#### [Recorded information]
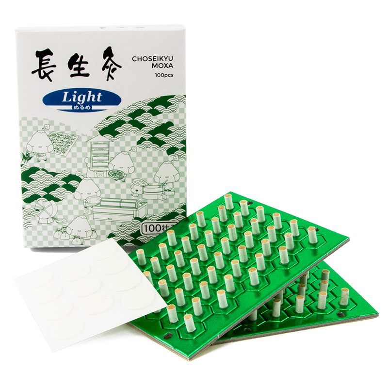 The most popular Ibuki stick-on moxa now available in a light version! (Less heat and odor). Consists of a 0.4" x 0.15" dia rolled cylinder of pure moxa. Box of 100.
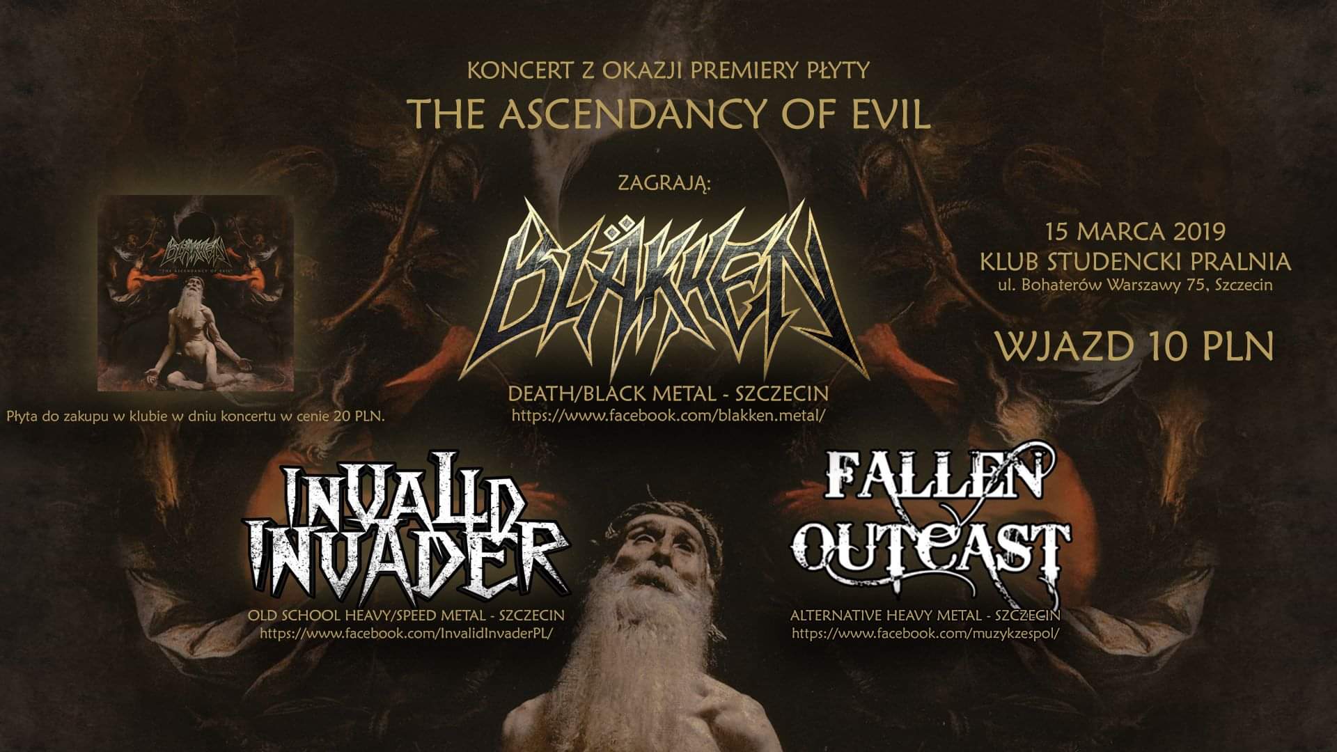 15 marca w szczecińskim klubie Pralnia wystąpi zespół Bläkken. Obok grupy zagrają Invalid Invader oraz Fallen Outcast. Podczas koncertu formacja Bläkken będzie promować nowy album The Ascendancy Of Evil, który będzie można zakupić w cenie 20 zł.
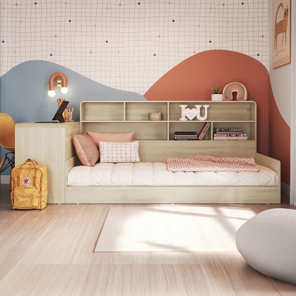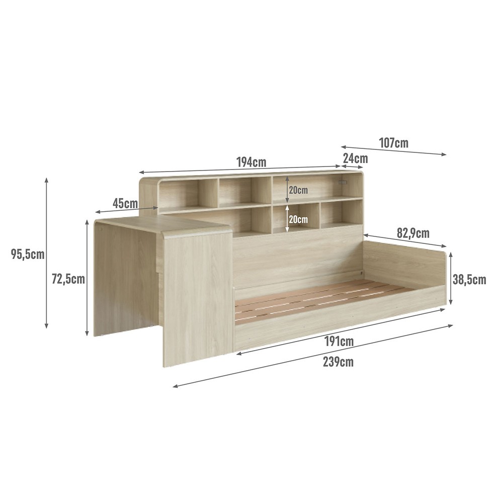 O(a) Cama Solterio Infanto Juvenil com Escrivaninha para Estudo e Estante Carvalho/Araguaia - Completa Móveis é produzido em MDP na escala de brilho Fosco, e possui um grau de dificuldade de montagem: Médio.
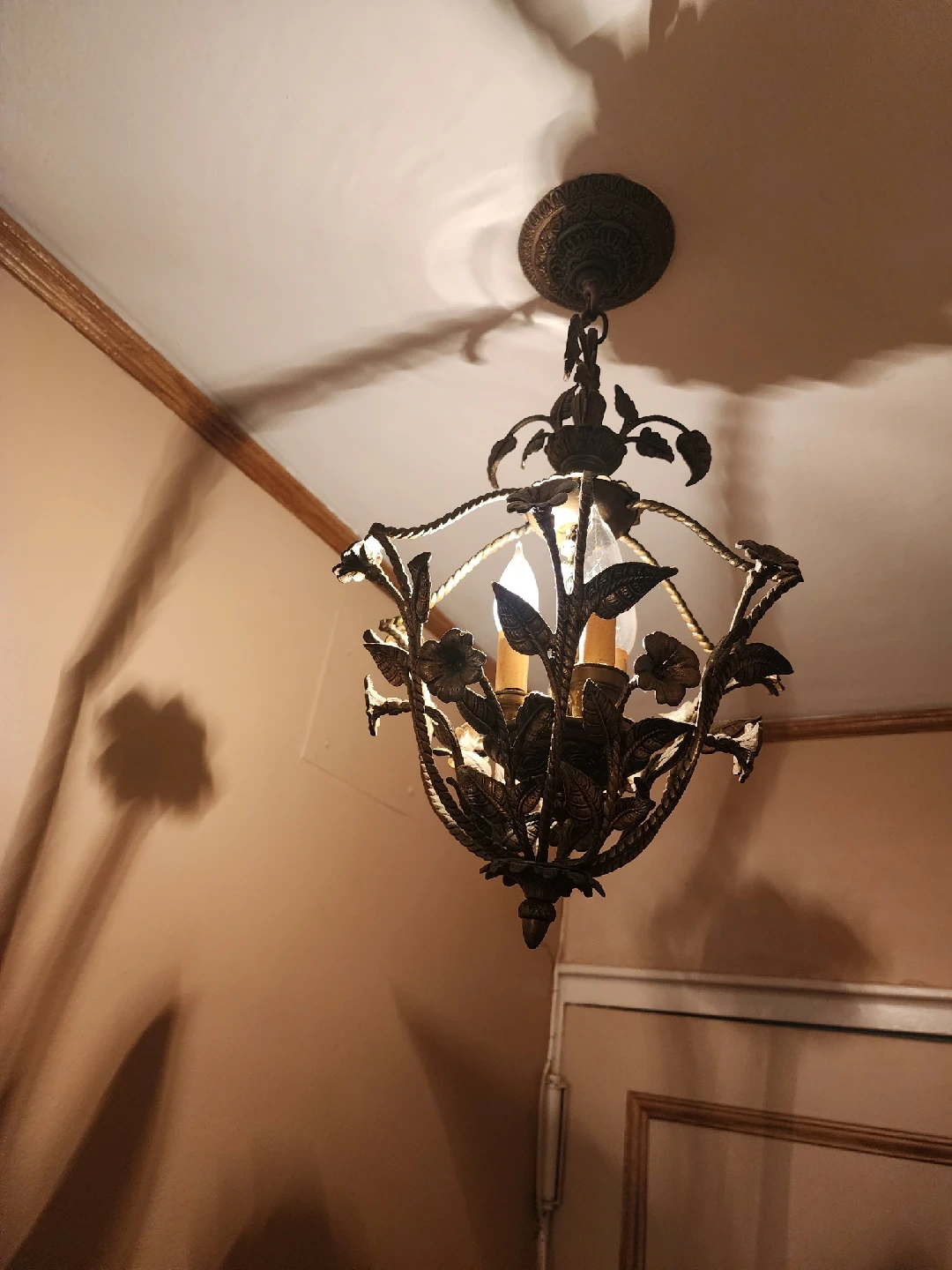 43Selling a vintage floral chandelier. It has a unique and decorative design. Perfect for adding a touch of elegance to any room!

==

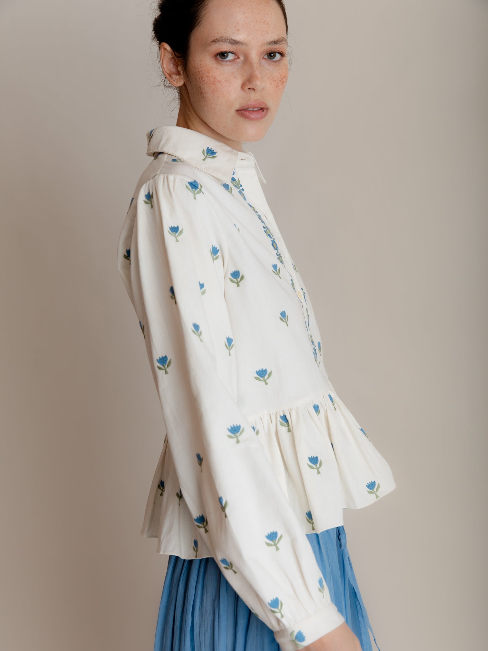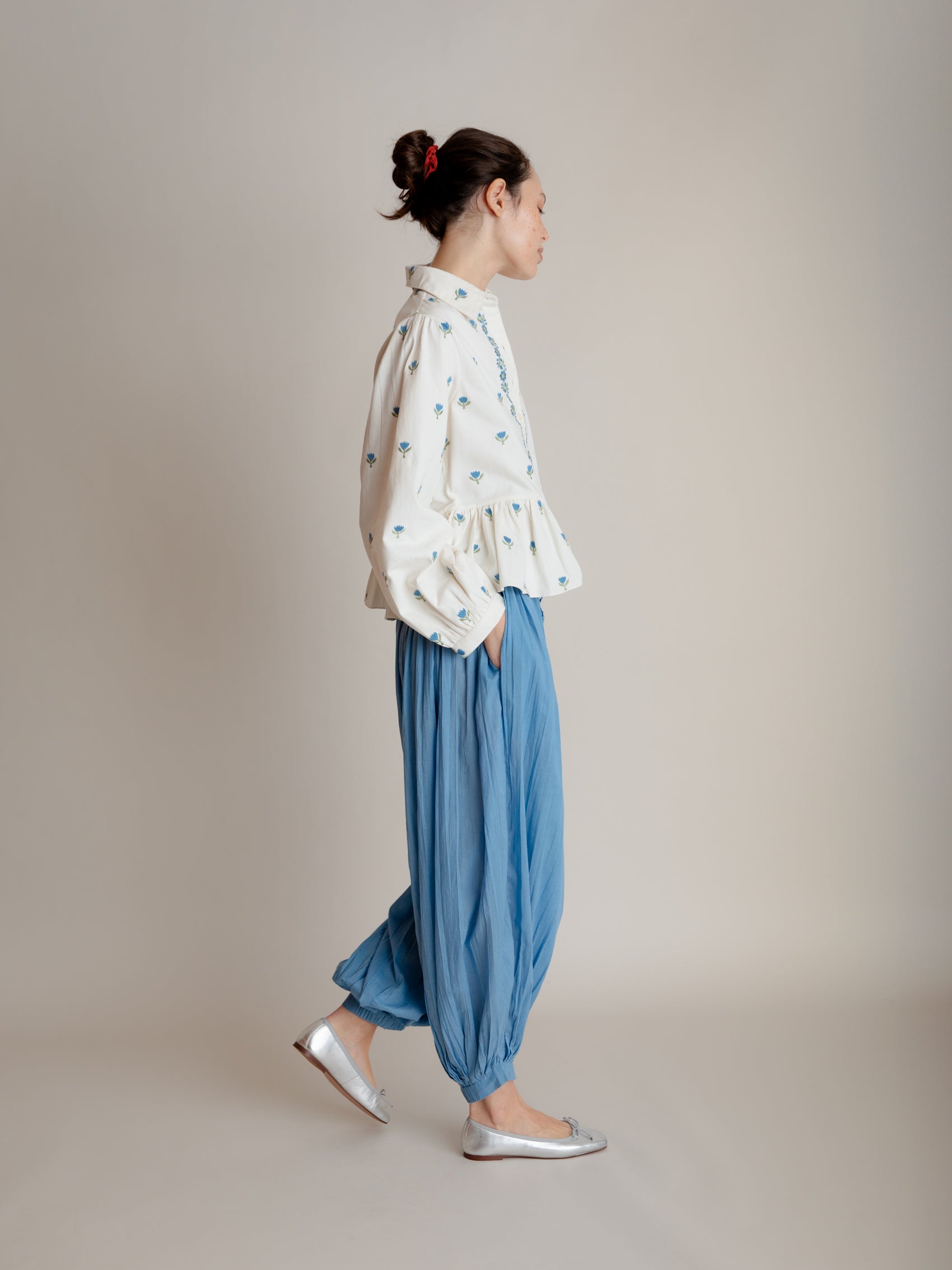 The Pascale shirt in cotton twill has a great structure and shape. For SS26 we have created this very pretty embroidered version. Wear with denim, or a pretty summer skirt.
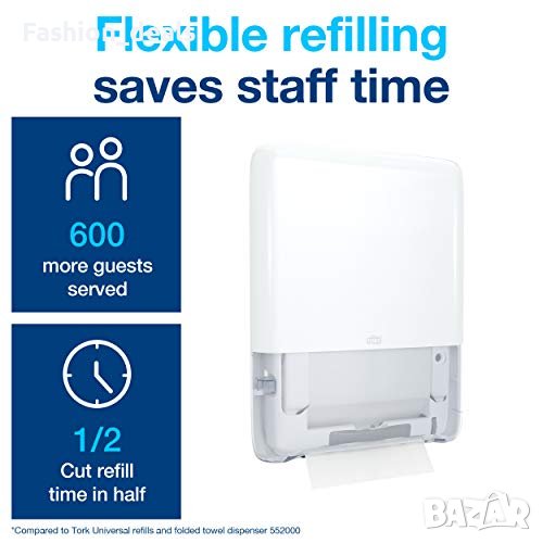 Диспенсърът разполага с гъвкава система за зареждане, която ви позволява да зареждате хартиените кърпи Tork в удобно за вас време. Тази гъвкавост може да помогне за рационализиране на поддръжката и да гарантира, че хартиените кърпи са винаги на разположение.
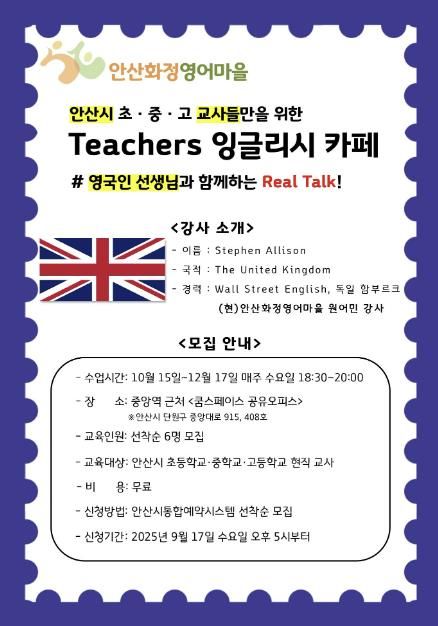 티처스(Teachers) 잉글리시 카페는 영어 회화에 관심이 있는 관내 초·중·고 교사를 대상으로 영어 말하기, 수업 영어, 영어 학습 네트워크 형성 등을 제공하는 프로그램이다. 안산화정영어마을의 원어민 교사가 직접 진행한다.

--

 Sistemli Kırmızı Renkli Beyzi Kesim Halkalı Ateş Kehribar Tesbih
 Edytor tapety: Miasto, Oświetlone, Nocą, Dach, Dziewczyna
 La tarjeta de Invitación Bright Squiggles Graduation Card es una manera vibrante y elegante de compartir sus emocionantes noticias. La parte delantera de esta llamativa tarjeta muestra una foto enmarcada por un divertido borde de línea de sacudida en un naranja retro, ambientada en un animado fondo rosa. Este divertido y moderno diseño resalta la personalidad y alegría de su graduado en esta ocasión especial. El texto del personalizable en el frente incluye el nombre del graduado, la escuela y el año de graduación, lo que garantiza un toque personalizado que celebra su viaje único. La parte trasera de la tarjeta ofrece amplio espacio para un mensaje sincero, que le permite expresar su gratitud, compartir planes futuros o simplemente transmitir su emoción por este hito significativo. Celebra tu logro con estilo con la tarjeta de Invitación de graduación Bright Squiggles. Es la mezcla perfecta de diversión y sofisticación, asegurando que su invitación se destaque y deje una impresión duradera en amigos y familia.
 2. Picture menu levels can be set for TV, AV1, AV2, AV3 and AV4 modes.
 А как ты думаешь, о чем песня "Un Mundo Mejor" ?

#### [Assignment]
Return word for word the lines above from the line with "Edytor tapety: Miasto, Oświetlone, Nocą, Dach, Dziewczyna" to the line with "А как ты думаешь, о", including both and leaving out all others.

#### [Response]
 Edytor tapety: Miasto, Oświetlone, Nocą, Dach, Dziewczyna
 La tarjeta de Invitación Bright Squiggles Graduation Card es una manera vibrante y elegante de compartir sus emocionantes noticias. La parte delantera de esta llamativa tarjeta muestra una foto enmarcada por un divertido borde de línea de sacudida en un naranja retro, ambientada en un animado fondo rosa. Este divertido y moderno diseño resalta la personalidad y alegría de su graduado en esta ocasión especial. El texto del personalizable en el frente incluye el nombre del graduado, la escuela y el año de graduación, lo que garantiza un toque personalizado que celebra su viaje único. La parte trasera de la tarjeta ofrece amplio espacio para un mensaje sincero, que le permite expresar su gratitud, compartir planes futuros o simplemente transmitir su emoción por este hito significativo. Celebra tu logro con estilo con la tarjeta de Invitación de graduación Bright Squiggles. Es la mezcla perfecta de diversión y sofisticación, asegurando que su invitación se destaque y deje una impresión duradera en amigos y familia.
 2. Picture menu levels can be set for TV, AV1, AV2, AV3 and AV4 modes.
 А как ты думаешь, о чем песня "Un Mundo Mejor" ?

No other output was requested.